Newly declassified documents show that the FBI misled Congress regarding the reliability of the Steele dossier, Senator Lindsey Graham (R., S.C.) said on Sunday.

The Senate Intelligence Committee, which Graham chairs, is currently conducting an investigation into the origins of the FBI’s Crossfire Hurricane probe, whose stated aim was to uncover alleged collusion between the 2016 Trump campaign and Russian operatives.

One document released by the committee on Sunday is an FBI draft of talking points for a February 2018 Senate Intelligence Committee hearing on the Russia investigation. The talking points, uncovered by Justice Department Inspector General Michael Horowitz, seek to give the impression that the Steele dossier’s “Primary Sub-Source” for intelligence was reliable.

The Primary Sub-Source “did not cite any significant concerns with the way his reporting was characterized in the dossier to the extent he could identify it,” according to the talking points.

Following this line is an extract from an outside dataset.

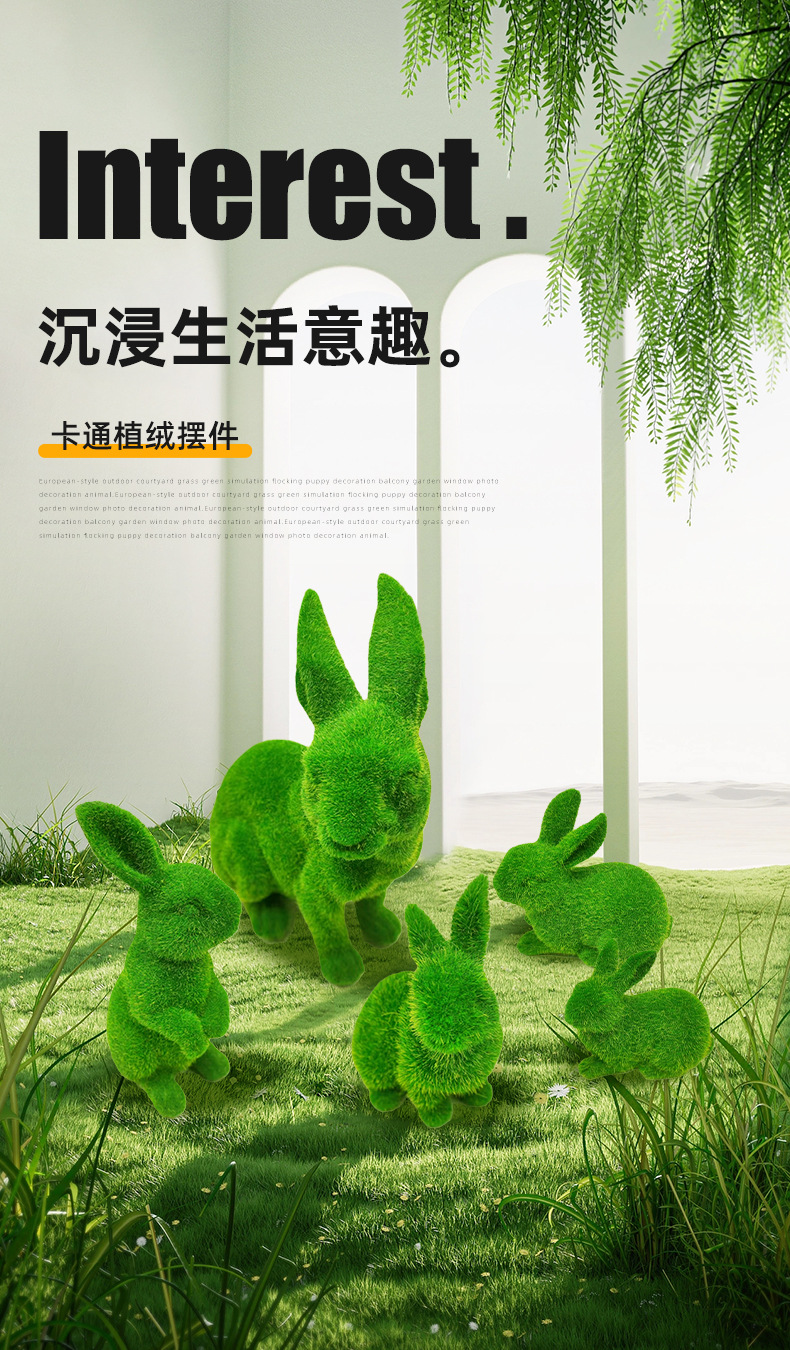 유럽식 수지 시뮬레이션 몰려 드는 토끼 가정 정원 안뜰 잔디 야외 창 촬영 동쪽 장식품

However, the FBI knew in early 2017 that the Primary Sub-Source had cast doubt on the dossier’s claims that Trump-campaign officials and Russian operatives were working together. The Primary Sub-Source in fact told FBI agents in 2017 that there was “zero” corroboration for some of the allegations in the dossier.

The 2018 memo “clearly shows that the FBI was continuing to mislead regarding the reliability of the Steele dossier. The FBI did to the Senate Intelligence Committee what the Department of Justice and FBI had previously done to the FISA Court: mischaracterize, mislead and lie,” Graham said in a press release. “What does this mean? That Congress as well as the FISA Court was lied to about the reliability of the Russian sub-source. I will be asking FBI Director Wray to provide me all the details possible about how the briefing was arranged and who provided it.”

IG Horowitz’s report on the FBI’s attempts to obtain FISA warrants for former Trump-campaign adviser Carter Page revealed “at least 17 significant errors or omissions” in those applications.